What you need to do → Apart from the images, reproduce all of the data word for word.

Given material →
Segment Open
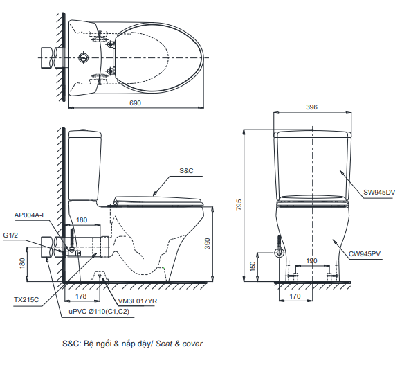 Tâm xả : 180mm (P-trap type)
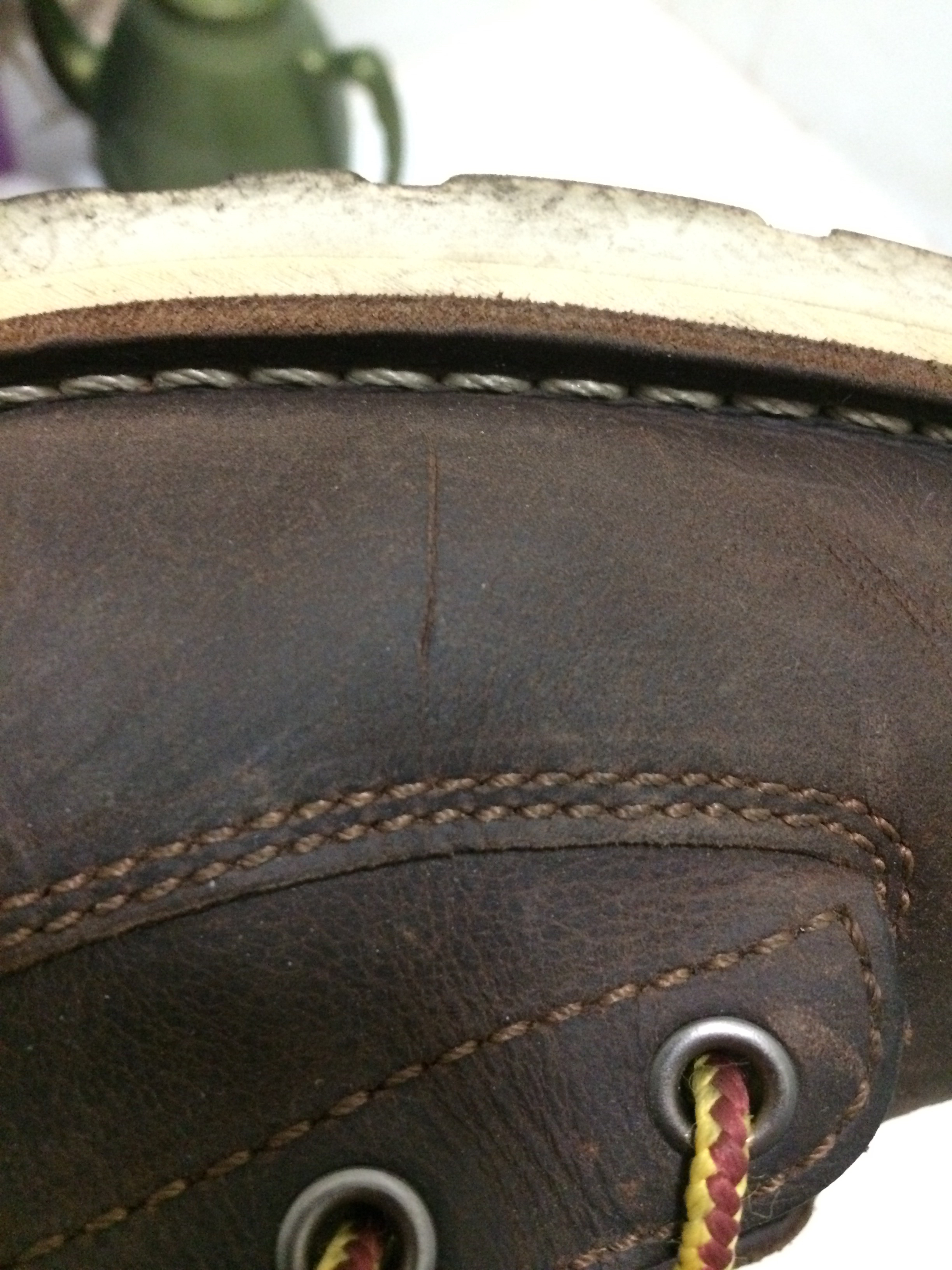 半年没穿,前几天拿出来才发现,莫名其妙左脚鞋头外侧有个被割伤的口子。
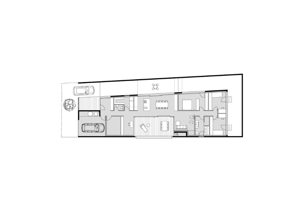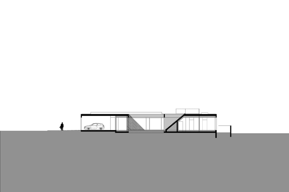 La risposta a queste particolari condizioni è stato un volume di solo piano chiuso su tutti i lati da un muro. La casa occupa la più vasta area possibile su cui era permesso di costruire e le dimensioni del terreno sono rivelate da un muro che corre lungo il perimetro e protegge la privacy dai vicini, distanti solo tre metri.
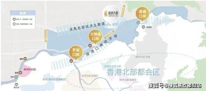 罗湖口岸、莲塘口岸、文锦渡口岸,三大口岸簇拥,链接深港
Segment Closed
Answer space →
 Tâm xả : 180mm (P-trap type)
 半年没穿,前几天拿出来才发现,莫名其妙左脚鞋头外侧有个被割伤的口子。
 La risposta a queste particolari condizioni è stato un volume di solo piano chiuso su tutti i lati da un muro. La casa occupa la più vasta area possibile su cui era permesso di costruire e le dimensioni del terreno sono rivelate da un muro che corre lungo il perimetro e protegge la privacy dai vicini, distanti solo tre metri.
 罗湖口岸、莲塘口岸、文锦渡口岸,三大口岸簇拥,链接深港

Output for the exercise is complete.